Considering that the most common popularization is the infamous rubber-sheet picture... I wish it weren't as widely popularized

In every case I have seen, this is a popularization of the curvature of space-TIME, not of space. Can you find an example where it is curvature of space which is being described?

 

[A.T.]

Considering that the most common popularization is the infamous rubber-sheet picture...

Nugatory probably refers to pictures like this:
http://2.bp.blogspot.com/_vqRjMx6Pk...C3M/iVVaGjIJ17U/s1600/Spacetime_curvature.png

In every case I have seen, this is a popularization of the curvature of space-TIME, not of space.

And which dimension of the above surface is supposed to be time? They might talk about "space-time curvature" as they show you that picture, but both dimensions of the sheet are spatial. So the picture obviously just shows the spatial curvature with dents like the one in the picture I posted in post #27. That's why it is so misleading.

Space-time embedding diagrams look like this:
http://www.relativitet.se/spacetime1.html

 

[A.T.]

I don't suppose this bending of space has experimental verification?

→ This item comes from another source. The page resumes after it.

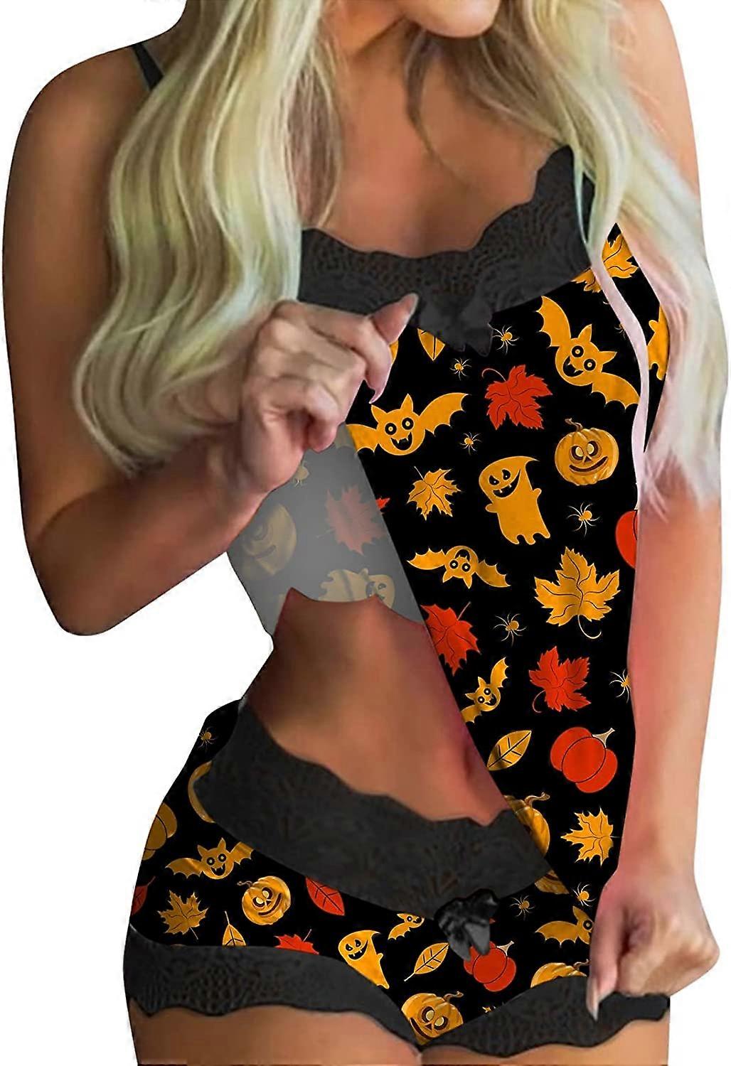 Lingerie Set for Women Two Piece Lace Trim Cami Top Shorts Set Pajamas ValentineS-3XL

I don't know about an isolated test, just for space curvature. But the spatial distortion around the Sun affects the bending of light and the orbit precession of Mercury. To get the best predictions compared to observed values you have to take space curvature into account.

 

[Nugatory]

Nugatory probably refers to...

Yep - said it better than I would have - thanks.

 

[Passionflower]

Here is a paper on calculating the interior size:

http://www.johnstonsarchive.net/relativity/stcurve.pdf

Question for me remains that since the proper mass is larger due to pressure should we not adjust the Schwarzschild radius accordingly in the formulas?

 

[1977ub]

I don't know about an isolated test, just for space curvature. But the spatial distortion around the Sun affects the bending of light and the orbit precession of Mercury. To get the best predictions compared to observed values you have to take space curvature into account.

Have you ever seen it done this way - i.e. spatial curvature added with the space-TIME curvature in discussing perihelion movement or light deflection?